I've been meaning to read Paul Kearney's The Monarchies of God for several years now, and when the two omnibus editions were released I knew I had no excuse not to. As always, it took a while, but I finally had the opportunity to sit down and read the first omnibus, Hawkwood and the Kings.
Given the excitement and rave reviews regarding this series, expectations were high. I'm glad these books are now back into print, for Kearney truly delivers!
Here's the blurb:
The world is in turmoil. In the east the savage Merduks, followers of the Prophet Ahrimuz, have captured the holy city of Aekir. The western kingdoms are too distracted by internecine bickering to intervene and the Church seems more obsessed with rooting out heresy. It is an age where men go to the stake for the taint of magic in their blood, where gunpowder and cannon co-exit with werewolves and sorcerers. It is the turning point when two get reilgions will fight to the death and the common folk will struggle to merely survive.
The worldbuilding is probably the most interesting aspect of these books. First of all, the story takes place in a world that is more technically advanced than the usual Western European medieval setting. There are canons and firearms, and science is more advanced than in the popular Dark Ages that are so commonplace in fantasy these days. Secondly, Paul Kearney makes religion once of the most important themes of this series, pitting the equivalent of Christinanity against Islam in a war of conquest. With POV characters from both faiths, you witness the tale unfolding through two different perspectives, giving The Monarchies of God a lot more depth. Finally, the exploration of the fabled western continent add a certain South American flavor to the setting.
Known for his brevity, this characteristic of the author sometimes plays against him.

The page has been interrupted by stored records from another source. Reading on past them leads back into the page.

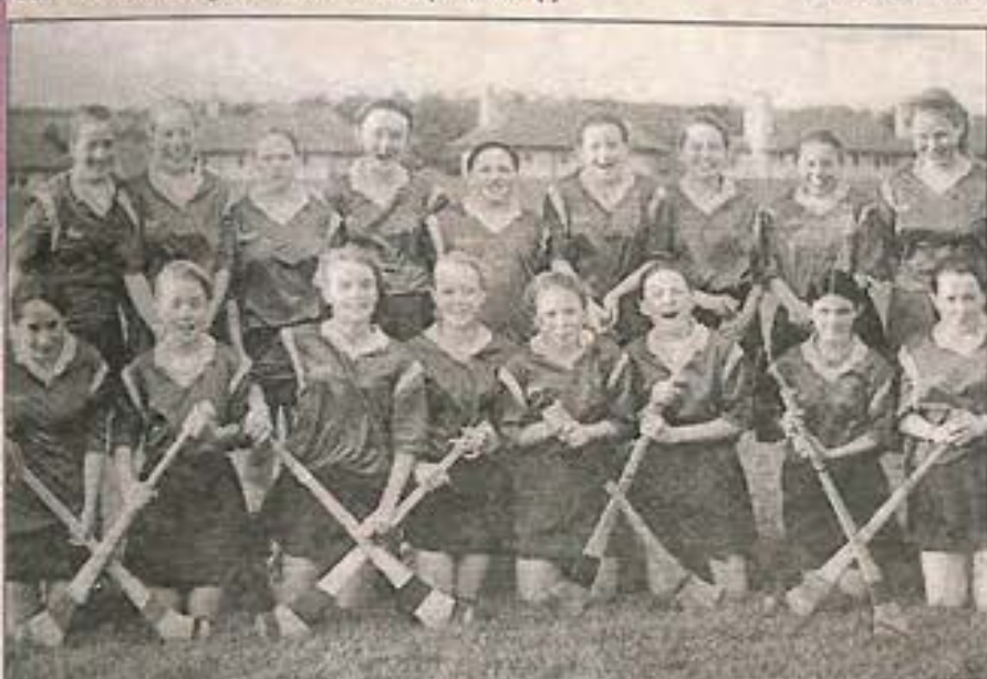
St Finbarr's Under 13 Camogie League team who played Glen in the Final. (-)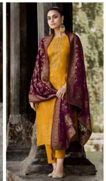
830-006 ■ ■ ■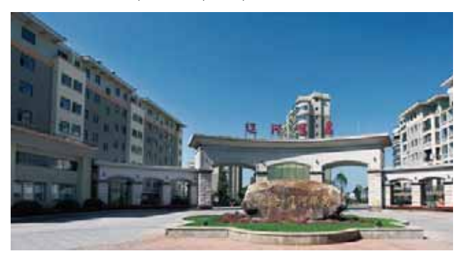
Modern Garden-like Habitation Area with Unique Architectural Design and Pleasant Environment.

was enhanced through city transformation. In respect of economic transformation, the development position of 6 succeeding and substituting industries (i.e., new materials, new energy, biological health, equipment manufacturing, metallurgy & building materials and socks textiles) was specified. The unique transformation policies were noticed by investors. The development was full of vitality and vigor, and successfully shook off traditional development modes.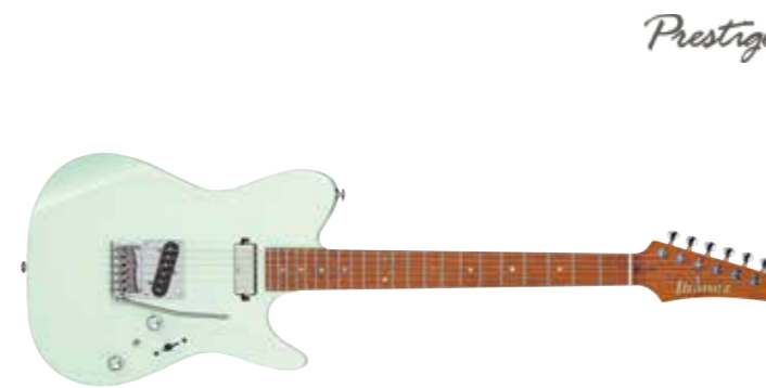
MGR Mint Green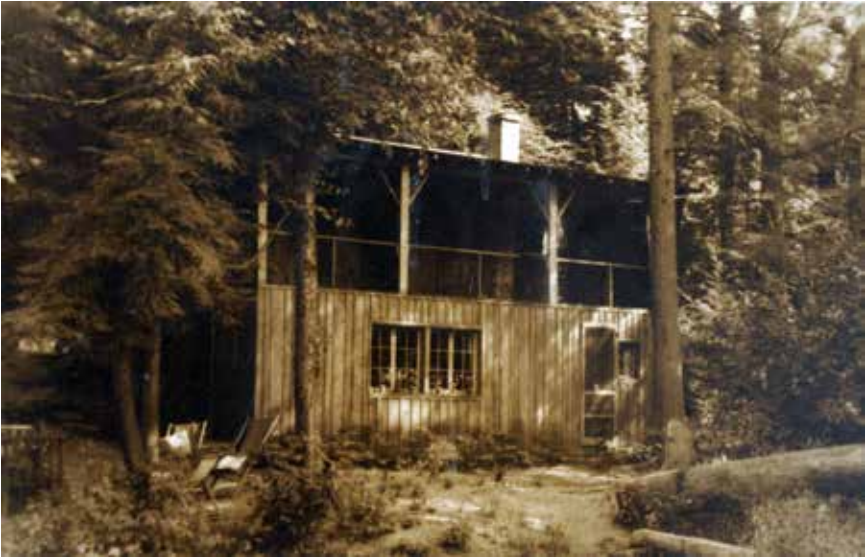
The Mary Goldman Cottage, Youghiogheny Forest, WV, 1935-1936.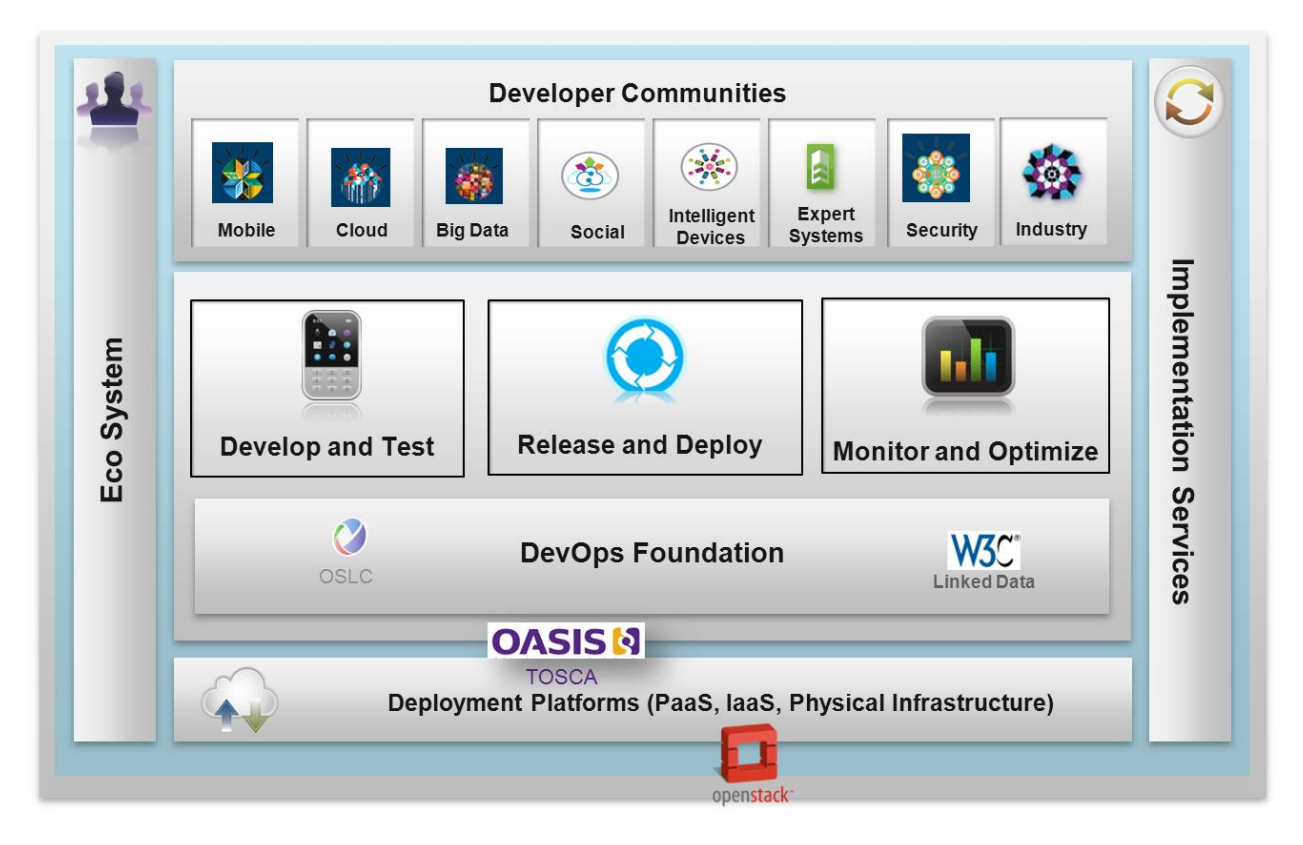
Figure 1: DevOps Reference Architecture

Leveraging a DevOps reference architecture is important to help organizations define the capabilities and tools that will be used to implement their DevOps environment. The reference architecture should embrace open standards where possible. Figure 1 includes an example DevOps reference architecture with key standard technologies called out specifically in the area of cloud and lifecycle integration.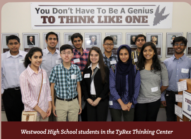
Westwood High School students in the TyRex Thinking Center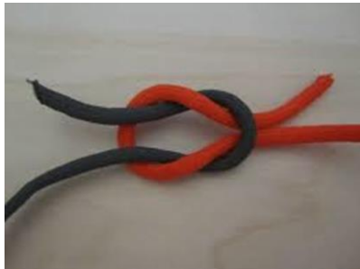
The Reef Knot

KNOTS - Lockdown is a great time to get practising some useful knots. Find some string or rope and get knotting. Challenge yourself to master just three . These are the most useful ones for Forest School: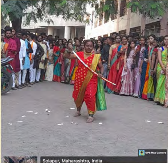
Solapur, Maharashtra, India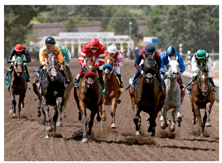
Racing on the California fair circuit

The operators of the Humboldt County Fair in Ferndale, California, are scrambling for a solution after just finding out this week that an earthquake from six months ago so badly damaged the grandstand at the half-mile racetrack that county officials now won't permit the structure to be occupied for the six-day race meet Aug. 18-20 and 25-27.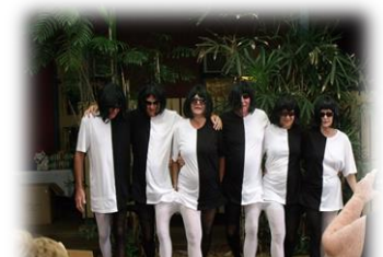
Don't Give Up Your Day Job!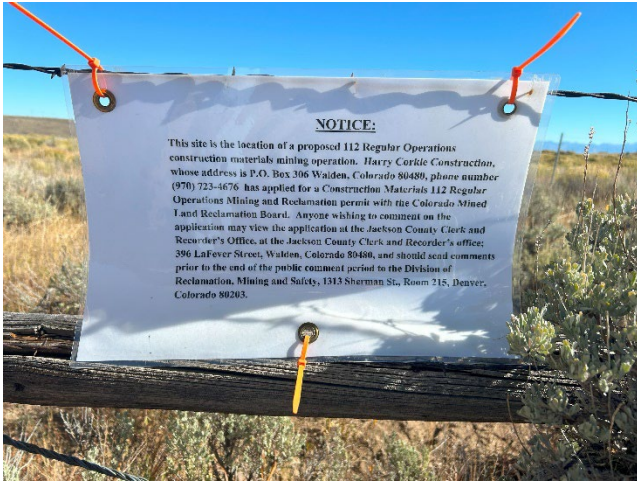
Photo 1: Posted notice of the permit application, located at the gate leading to the permit.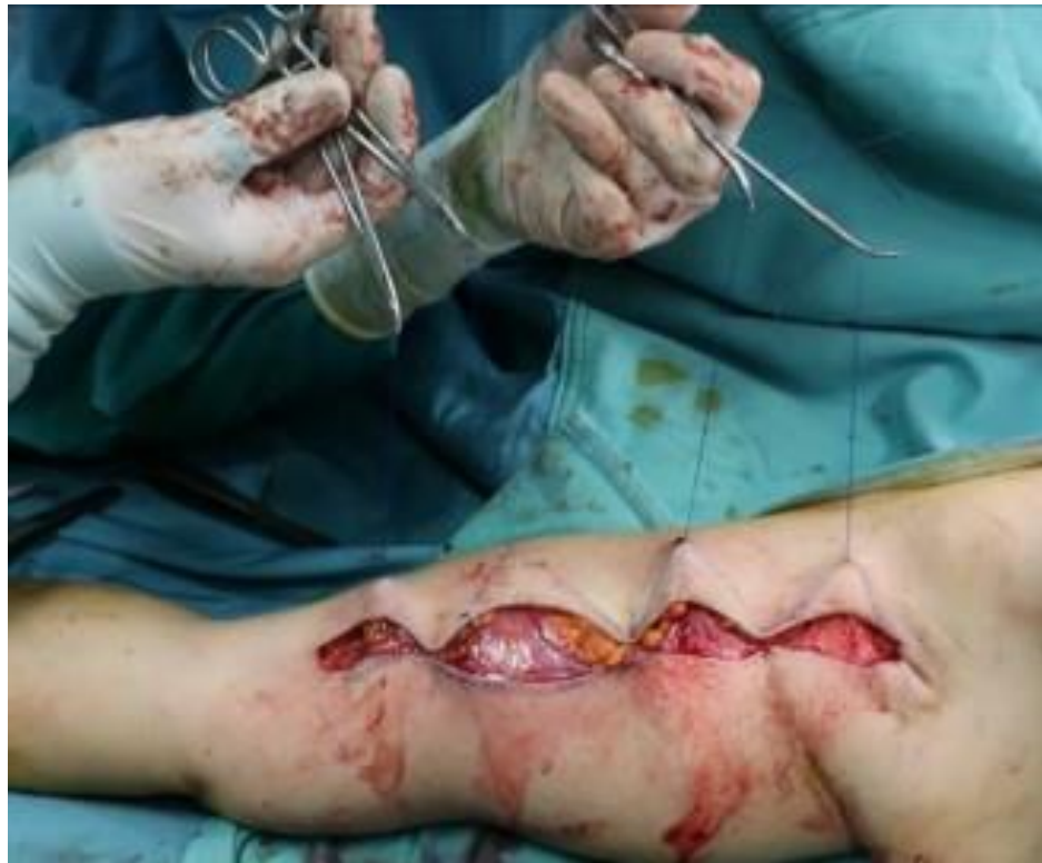
Figure 3. Fixation of dermal flaps with transfixed skin stitches.

the triangular areas obtained and fixed through transfixed skin stitches in non-absorbable material (Figure 3).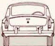
Renovo Soft Top Care Products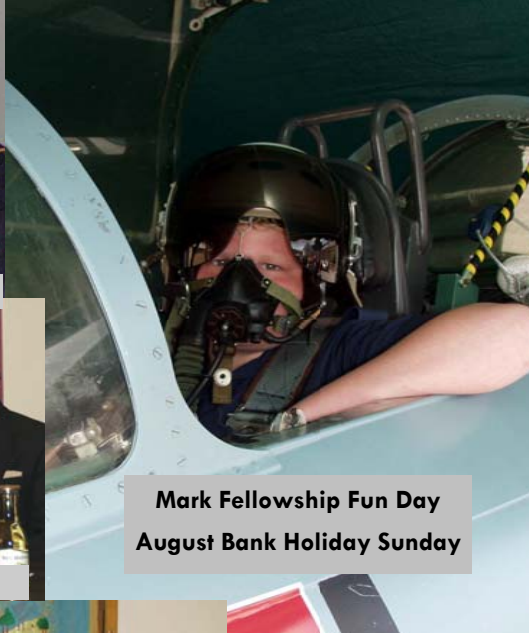
Mark Fellowship Fun Day August Bank Holiday Sunday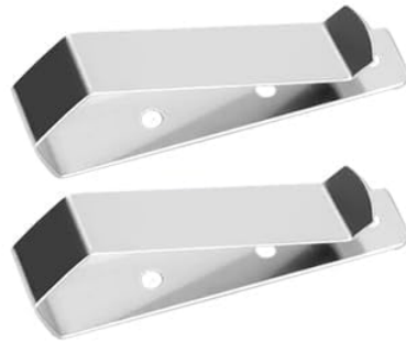
Visor Clip - 2

Image: The package includes two remote controls, two visor clips, and an instruction manual.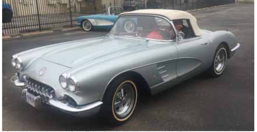
I forgot this guy's name from Tulsa, leaving in his silver 1960. If it's you let me know.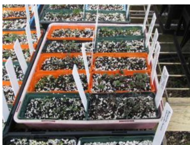
More baby eucalypts – this is exciting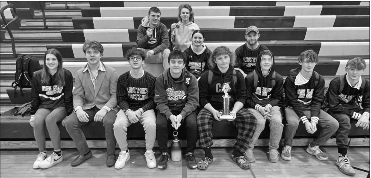
Parkview-Albany high school wrestling team display their 3rd place team finish with 153.5 points at Polo, Ill.

Great job again by the wrestlers and coaches.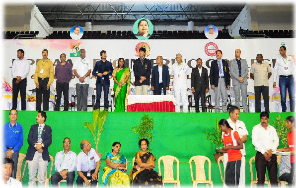
Delegates during the Opening Ceremony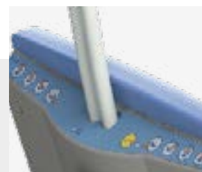
Easy-to-use touch controls in the backrest.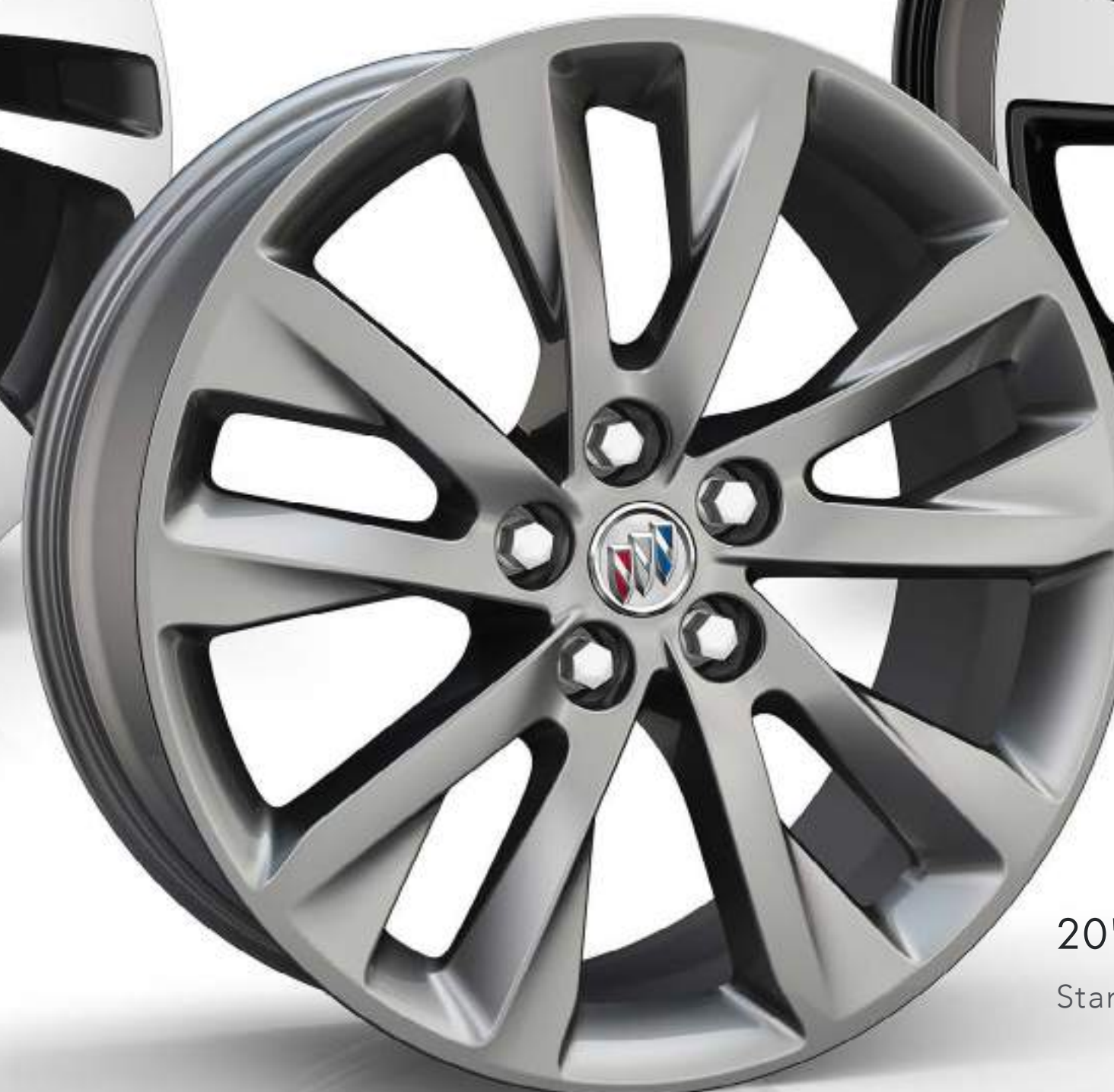
20" Aluminum With Pearl Nickel Finish Standard on Avenir.

Although the story moves forward at a crisp pace and the plotlines are engrossing, I often found myself bemoaning the fact that more information would have given more depth and/or impact to certain scenes. While I certainly wasn't expecting Kearney to turn into Katherine Kurtz, I would have liked more background information to flesh out the Church a bit more, what with it playing such a key role in every major event of the book. The same can be said of Dweomer magic, which is barely explained at all. It's all nitpicking, I know, and yes at times too much is worst than too little. And yet, I feel that elaborating a bit more on various concepts would have been more than a little beneficial to the series.
Though the books themselves may be short, The Monarchies of God is nevertheless a sprawling series with quite a few layers. The characterization reflects that, with a number of POV characters through whose eyes we see the tale unfold. That variety of points of view really elevates Kearney's work to another level. Some of the supporting cast could use a bit more fleshing out, but the main protagonists are a three-dimensional bunch for the most part. To all ends and purposes, it might be Richard Hawkwood and King Abeleyn's story, but Corfe, Albrec, and Avila play pivotal roles in what is to come. I particularly enjoyed the Merduks' perspective. With several cliffhangers before the end, it will be interesting to see what is to become of most of the protagonists in the sequel, Century of the Soldier.
Since this omnibus edition is comprised of Paul Kearney's Hawkwood's Voyage and The Heretic Kings, it doesn't read like one of those doorstopper fantasy novel, but like two short and relatively fast-paced books. The rhythm is fluid throughout, without a single dull moment from start to finish. The author may have gone a bit over-the-top with his naval expertise, but that's his prerogative. It certainly gives the novel a more genuine feel.
If you are looking for something different, Kearney's The Monarchies of God could be just what you need!